Just like it's never too late to start eating healthy or to start exercising, it's never too late to start giving our loved ones more Oxytocin and increasing their long-term well-being and ours.

This app (references "The Happy Child" app) will teach us the top way science is found to build deep bonds with our children and our partners, which will significantly boost oxytocin levels. The app does more than just provide information. The content is specific to each child. It gives customized videos, fun activities, and simple reminders.

Here is another good video on how you can increase Oxytocin at home:


Video Transcript

How can you reduce the one body chemical that most decreases our loved ones' long-term well-being?

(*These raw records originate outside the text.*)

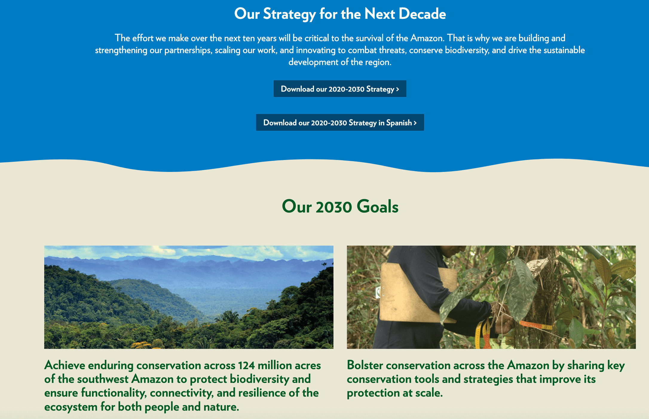 For their main website amazonconservation.org, I assisted in the migration, remediation, page designs, and layouts as the organization moved to a new platform. Pages and graphics I created included the events Page and associated webinars. Additionally, I wrote and updated key data points about the organization's work in the Amazon, including writing around 4 stories a month that I uploaded to their blog.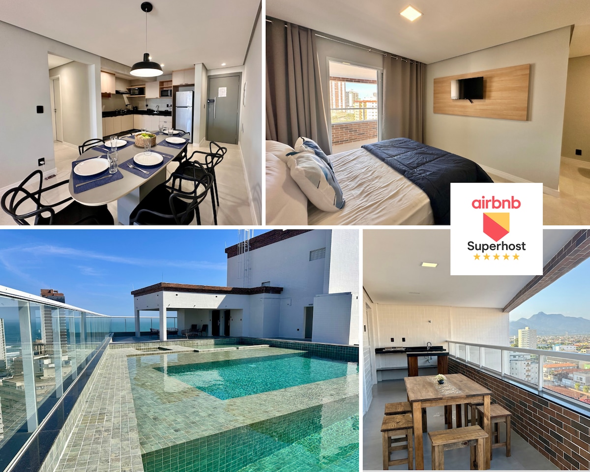 LIMPEZA,CONFORTO E EXCELENTE LOCALIZAÇÃO FAZEM SENTIDO PRA VOCÊ? Se sim, seja muito bem vindo a um dos melhores AIRBNB da Praia Grande, projetado com muito bom gosto, venha se surpreender ! FRENTE MAR! AR CONDICIONADO! O mais completo e acolhedor do Caiçara, prédio recém entregue, completo em eletros, smart TV 55 pol wi fi ,bancada pra home office. Churrasqueira na sacada com linda vista do mar pra relaxar, garagem coberta ,tela nas janelas portaria 24 hs ,planejado pra uma experiência única.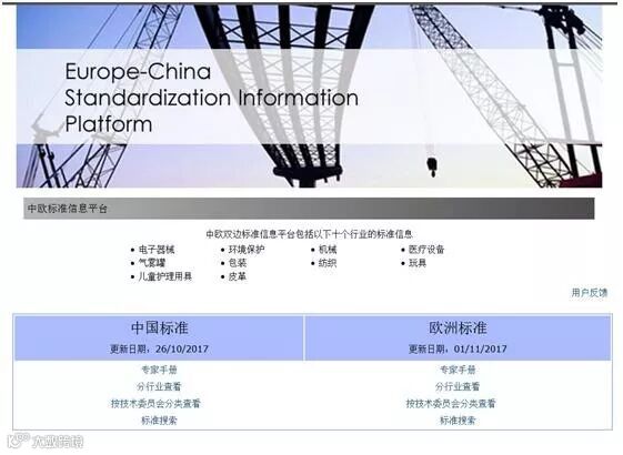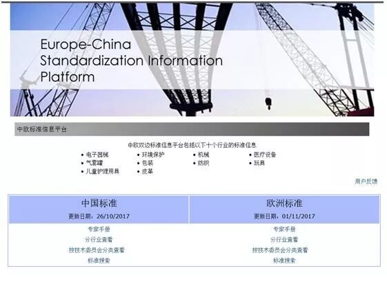 中欧标准化信息平台是中欧双方在标准化领域合作的成果之一,是促进我国与欧盟贸易便利化的重要信息渠道。自平台建立以来,双方在标准信息资源交流方面的合作成效显著,通过标准信息交换共享的方式,解决了中欧双方企业在贸易中的标准信息获取不畅问题,促进了中欧贸易发展。该平台由国家标准化管理委员会、欧盟增长总司(前身欧盟工业企业总司)、欧洲自由贸易联盟、欧洲三大标准化组织等机构共同合作建设,国家标准化管理委员会标准信息中心负责运行维护。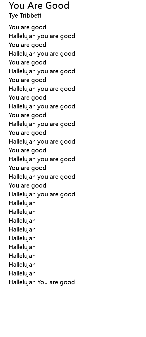 | Hallelujah you are good | |

Cortisol is a body chemical that experts say our children have too much of, and the most common culprit of high cortisol is something we wouldn't expect.

A little cortisol comes from daily routines of life, such as work and school. This amount is good because it motivates us to do things.
High cortisol in a child comes from being nervous that something emotionally upsetting may happen at any moment. This may be hard to accept, but high cortisol in children is usually caused by their parents. They tease them, thinking it's all in good fun, or accidentally compare them to other kids. We suddenly get angry at them or others, and this keeps them on edge. Even if you think you rarely do this, it's not the actual act that causes the higher cortisol. It's being nervous that it could happen. This means your child could have high cortisol without you even knowing it.

High cortisol is something many kids have, even those that may show no outward problems now. It is a silent problem where the effects are often not manifested until months or sometimes years later. You might be worried that someone will criticize us, or say something sarcastic, look down on us, or assume we have a poor character trait such as laziness or lack of intelligence. Even if one of those emotional ambushes doesn't actually occur, the constant release of cortisol while in a state of high alert is damaging to our long-term well-being.

Hundreds of studies have been done on children's cortisol levels, and researchers conclude that those with consistently high cortisol levels are far more likely to have substance abuse problems, commit crimes, make poor life choices, and have less happy lives. A study published in the journal "Child Development" even found that children with elevated cortisol levels are more likely to experience learning deficits and cognitive delays.

High cortisol is like smoking. It won't hurt us the first time or even after a few months, but over the long-term, it does significantly decrease our well-being. We're not only more likely to make poor choices, we're also more likely to be depressed, anxious, angry, or easily triggered. Thankfully, parents who learn about high cortisol and start watching for it can reduce it dramatically and even reverse its negative effects. Other videos will teach us the top ways science has found to notice and reduce high cortisol in our homes and walk us through easy exercises and daily motivational tips that can turn your home into an emotional-safe haven.

Now that we've learned that we need to reduce high cortisol, what body chemical should we focus on increasing? The answer to that question is a subject of our next video (Oxytocin).

Serotonin (no video yet)

Serotonin is the "Accomplishment" chemical. We need a certain amount of it to be happy. This means that we need some regular accomplishments. They can be simple things like cleaning the kitchen or making lunch for the kids. People think happiness is "sitting on the beach" or "being retired and not doing anything," but that is incorrect. It doesn't appear that you can be "happy" if you aren't helping or achieving in some way.

However, like dopamine, it is possible to overly focus on serotonin and deprive ourselves of Oxytocin. A good example is someone excessively focused on their career. They love the "serotonin" hit of work accomplishment so much that they skip connection moments with family and friends (oxytocin).